赤井に恋愛感情を抱いていることを自覚してからずっと、この気持ちは隠し続けると心に決めていたのだ。どんな状況であれ、その決意を変えることはできない。文字通り、墓場まで持っていくつもりでいるからだ。
「……僕はいいんだよ。好きだと伝えたところで、赤井を困らせるだけだ」
「安室さん……」
空気がどことなく重たくなったのを感じる。場の雰囲気を変えるために、降谷は爽やかな声でコナンに問いかけた。
「ところで君は、蘭さんに“かわいい”って言ったことはあるかい?」
「えっ……」
コナンが顔を真っ赤にする。それを見て、降谷は微笑ましい気持ちになった。その反応だと、言ったことがある、もしくは、言おうとしたことがあるに違いない。
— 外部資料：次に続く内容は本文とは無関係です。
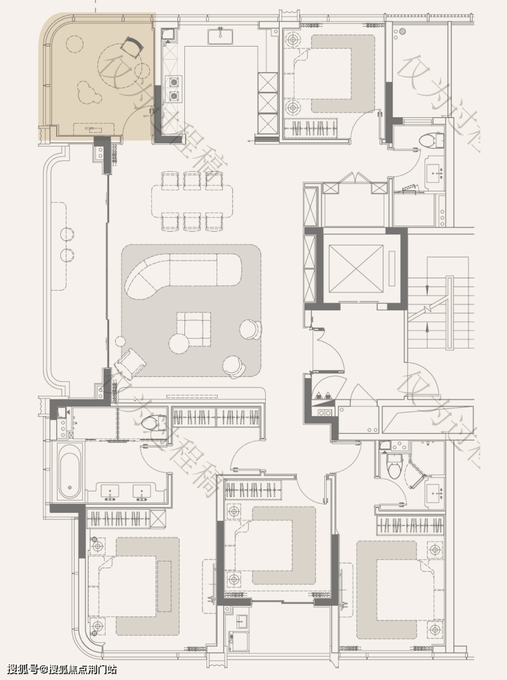 天澜传序府建筑面积约265方的户型,更是直接就做出了大平层,才有的尺度感——

「君達はすでに恋人同士。そんなに恥ずかしがることはないんじゃないか?」
そう告げると、コナンは顔を真っ赤にしたまま言った。
「安室さんはわかってねーな!」
「ん?」
「好きな相手に向かって言う“かわいい”は、特別なんだよ!」
コナンがそう声を上げるのと同時に、小会議室のドアが開いた。ドアの向こうには赤井がいて、降谷はひどく驚いた。
「どうしてお前がここに?!」
「ああ……言ってなかったかな。もしものときのために、今はボウヤに盗聴器と発信機を取り付けてあるんだよ」
「――ということは……」
「ごめん、安室さん。僕達の会話、赤井さんに筒抜けだった……」
コナンが両手をあわせて本当にすまなそうに言う。筒抜けとわかっていながらも、それを自分に知らせることはできなかったのだろう。
コナンは何も悪くない。悪いのはすべて、目の前にいるこの男だ。まさか自分に相談なしで、こんなことをしていたとは。
文句のひとつでも言ってやりたかったが、盗聴器によってすべて聴かれてしまったあとでは、何も言葉が浮かばない。「今のは聴かなかったことにしろ」と言っても、赤井は聞き入れてはくれないだろう。
「ところで、先程のボウヤの話だが……」
「その話はもう終わりです!」
降谷が大きな声を上げると、隣にいたコナンがびくりと身体を震わせる。赤井は構わず話を続けた。
「俺が君に言う“かわいい”も特別なんだが、もしかして気づいていなかったのかな?」
「…………」
特別ということは、つまり、赤井も自分を好きだということなのだろうか。思いがけない真実を告げられて、降谷は混乱した。
何も言えずに、ただただ混乱していると、赤井が自分に近づいてくる。逃げようとしても腕を掴まれて身動きができない。逃げることもできずに佇んでいると、自分だけに聞こえるよう、赤井が自分の耳に唇を寄せて、直接言葉を吹き込んできた。
「昔も今も、俺は君が可愛くて可愛くて仕方がないんだよ」
これまで聞いたことのない赤井の声。愛しい存在に向けるような声音で言うので、降谷はぶわりと顔が熱くなるのを感じた。
腰を砕かれたように、その場に立っていられなくなり、思わずしゃがみ込んでしまう。
赤井が嬉しそうな表情でこちらを見ている。その隣でコナンが、「安室さん、大丈夫?!」と声を上げた。